You’ve likely heard of it, but if you’ve worked with accountants and haven’t had as much of a hands-on approach to finances, bank reconciliation is the process of matching the transactions from your bank records with those in your business records. In other words, the incoming payments from customer match with the invoices you’ve created, and the outgoing payments match with your expenses.

A man balancing his chequebook. Reconciliation can be easier with Debitoor invoicing software

Yes, it sounds a bit tedious, especially if you have to go through each payment one-by-one. But below we show you just how important it is as well as provide some tips for making bank reconciliation fast and simple.

Why should you do bank reconciliation?

Bank reconciliation is incredibly important for a number of reasons. There are two primary ones that come to mind. The first is preventing mistakes such as receipts recorded incorrectly, payments that weren’t entered and other events that could impact on your monthly finances.

The second is uncovering fraud. If your company credit card details have been stolen online, for example, and your provider doesn’t catch it, keeping up with your reconciliation gives you a strong chance of finding these cases sooner.

Not only is it a primary defense against fraud and avoiding potentially costly mistakes, it also can help with a few other things:

  • Saving money - that’s right. When you spend the time to go through both your incoming and outgoing payments each month, it’s much easier to catch those things you meant to cancel (but forgot to), or even find fees you’re being charged that can be disputed or negotiated down.

  • Preventing unexpected payments - you’ve had it happen to you. You suddenly notice an electronic payment that didn’t go through or maybe your supplier held on to your cheque a bit longer than expected.

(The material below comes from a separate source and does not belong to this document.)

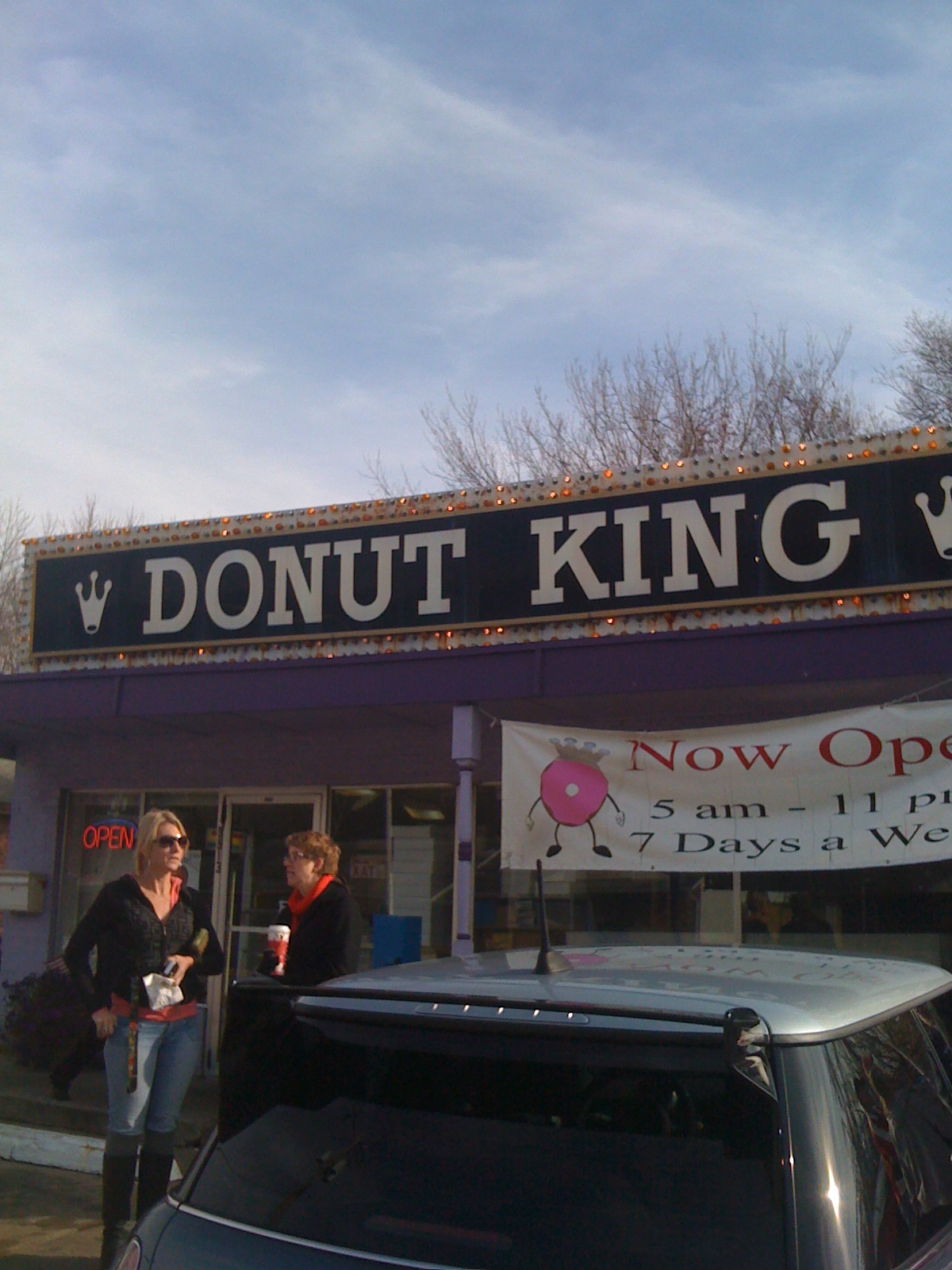 I offered up a sixth location, but thought most folks would be exhausted and stuffed after visiting five donut shops. I was wrong. More than twenty folks headed north to Donut King. My driving directions said, “Donut King will be on the right, past the Gentlemen’s Club, before the tattoo parlor and used car lots.” I neglected to mention it is also across the street from the Discount Smokes shop. It’s an interesting area and always good for people watching. Plus the seasonal flavors here are divine! On top of the favorites list of those that visited all six donut shops was the pumpkin donut at Donut King. (Update 05/11: Donut King has relocated after 42 years in the funky little purple shack on Chouteau. Donut King is now located at 2320 Armour Road in North Kansas City.)

When reconciling your accounts, you catch these surprises in time.

  • Monitoring your cash flow - a given. As a small business, there usually isn’t a lot of extra capital to go around, so it’s crucial to stay on top of how what you have is being used and adjust as necessary. Growing a business with strong financial records can mean better interest from potential investors in the future.

These are just a few of the main reasons to be sure to take the time to conduct bank reconciliation for your business accounts, not to mention a better overview of the current financial health of your business.

Two puzzle pieces matching together like a payment and an expense in bank reconciliation

How does bank reconciliation work?

Basically, it means matching the payments from your bank account with your records of the payments in your business accounting. Explained simply, the incoming payments might match up to invoices, and the outgoing to specific expenses you’ve recorded.

It probably sounds like a tedious task and it certainly can be if it comes down to matching each payment one-by-one. But thankfully, there are many solutions today that make this process a little less painful.

How often should you do bank reconciliation?

Most financial professionals will suggest taking time to sit down and get your bank reconciliation done on a regular basis. But how often should you be scheduling that time in your calendar?

A bit of quick research will provide you with the answer: once a month is a good timeframe to go by. This is often enough that you ensure your accounts are up-to-date and have time to investigate anything that isn’t quite matching up. But it’s not too often that you’re spending unnecessary time each week, for example.

It also helps that most banks issue statements once a month, so once you have your bank statement it becomes faster and easier to go through your payments.

Bank reconciliation and accounting software

If you’re looking for an easier solution than sitting down each month to manually match each payment in your bank statement to the corresponding invoices and expenses, it exists. With the right accounting & invoicing software, it can be done automatically.

What that means is all that is required from you is to upload a .csv file of your bank statement to your software and automatic bank reconciliation takes care of the rest so you can get this important task done quickly and efficiently.